WORK TO COMPLETE:
The reply should hold nothing except the lines from the one with "Плоская щетка Matrix" through the end of the entries, duplicated exactly and with no pictures.

GIVEN DATA:
• • • • • • •

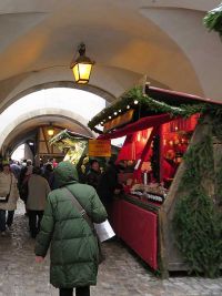 Wir gelangten durch die alte Stadtbefestigung in das Innere der Stadt, der Altstadt. Mittelalterlich anmutende Häuser säumten die Straße. Es ging ein Stück bergan und vor uns ragte eines der Stadttore auf. Als wir es passiert hatten war auch schon der Weihnachtstrubel auszumachen. Wir bogen jedoch von der Straße ab, die geradewegs in den Trubel hinein zuführen schien und kamen am Kriminalhistorischen Museum vorbei. In dessen Hof hing an einem kranartigen Gebilde ein hölzerner Käfig, in welchem früher die Bäcker bestraft worden waren, wenn ihre Waren zu wenig wogen. Sie wurden dann mitsamt dem Käfig ins Wasser getaucht.
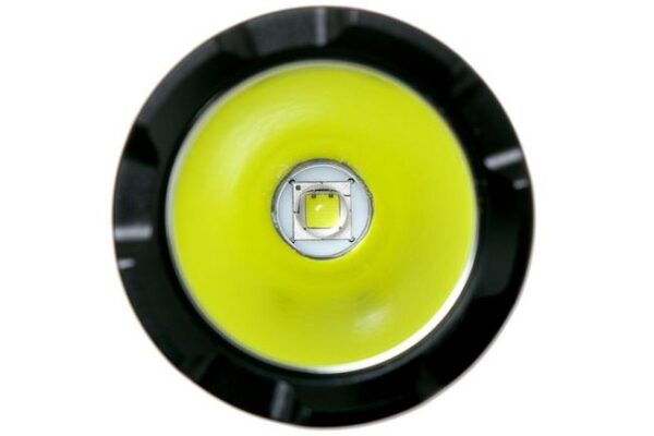 De tactische drukknop op de achterkant is op drie manieren te gebruiken: kort drukken zet de lamp meteen aan. Hiermee selecteer je ook de stand. De knop echt indrukken laat de lamp constant aanstaan, en als je de knop 0,8 seconde ingedrukt houdt, schakelt deze naar de strobe. De aluminium body is zeer sterk en kan tegen vallen tot 1,5 meter. Ook is de lamp helemaal waterdicht. Hij werkt op één 18650 batterij of twee CR123A batterijen (niet meegeleverd).
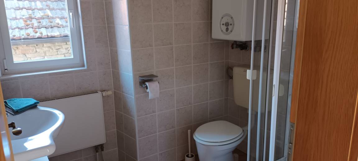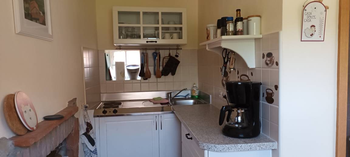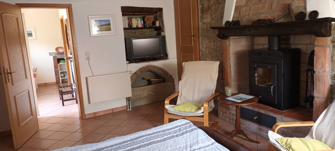 Die Wohnung verfügt über einen Wohn-Schlafbereich mit Sitzgelegenheit und einem Holzofen. In der kleinen Küche gibt es einen 2-Platten Herd, einen Kühlschrank und einen gemütlichen Sitzplatz.
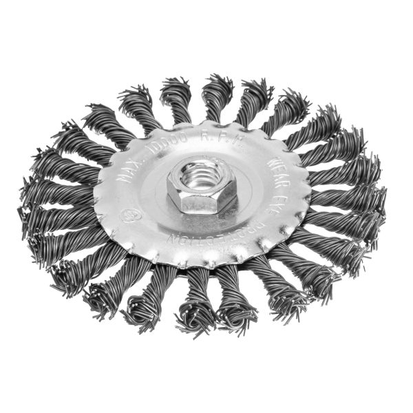 Плоская щетка Matrix 74644 диаметром 125 мм, с щетиной из крученой проволоки толщиной 0,8 мм и гайкой М14, — оснастка для УШМ, предназначенная для грубой (черновой) обработки поверхностей. Максимально допустимая скорость вращения шпинделя — 10000 об/мин. Щетка позволяет снять толстый слой ржавчины, лакокрасочных покрытий, загрязнений, а также зачистить сварные швы. Плоская форма удобна для обработки углов, изгибов и других труднодоступных мест.
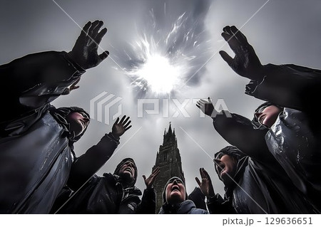 Community gathering hands raised towards light hope spirituality
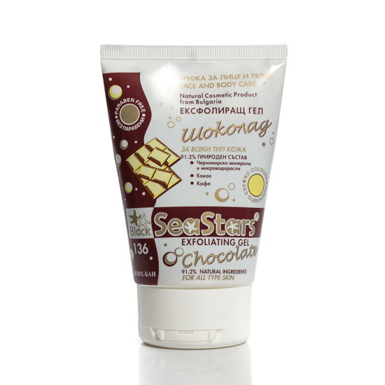 Το δροσιστικό τζελ προσώπου και σώματος απολέπισης με σοκολάτα της Black Sea Stars αφαιρεί απαλά τα νεκρά κύτταρα του δέρματος και καθαρίζει το δέρμα. Ο συνδυασμός σταθεροποιημένης αλύσου Black Sea lye, κακάου και καφέ ορυκτά και αναζωογονεί το δέρμα, ενώ το προστιθέμενο υαλουρονικό οξύ καταπολεμά αποτελεσματικά το χαλάρωμα. Το δέρμα είναι πιο σφριγηλό, πιο ελαστικό και αναζωογονημένο.

• • • • • • •

ANSWER FOR THE TASK:
 Плоская щетка Matrix 74644 диаметром 125 мм, с щетиной из крученой проволоки толщиной 0,8 мм и гайкой М14, — оснастка для УШМ, предназначенная для грубой (черновой) обработки поверхностей. Максимально допустимая скорость вращения шпинделя — 10000 об/мин. Щетка позволяет снять толстый слой ржавчины, лакокрасочных покрытий, загрязнений, а также зачистить сварные швы. Плоская форма удобна для обработки углов, изгибов и других труднодоступных мест.
 Community gathering hands raised towards light hope spirituality
 Το δροσιστικό τζελ προσώπου και σώματος απολέπισης με σοκολάτα της Black Sea Stars αφαιρεί απαλά τα νεκρά κύτταρα του δέρματος και καθαρίζει το δέρμα. Ο συνδυασμός σταθεροποιημένης αλύσου Black Sea lye, κακάου και καφέ ορυκτά και αναζωογονεί το δέρμα, ενώ το προστιθέμενο υαλουρονικό οξύ καταπολεμά αποτελεσματικά το χαλάρωμα. Το δέρμα είναι πιο σφριγηλό, πιο ελαστικό και αναζωογονημένο.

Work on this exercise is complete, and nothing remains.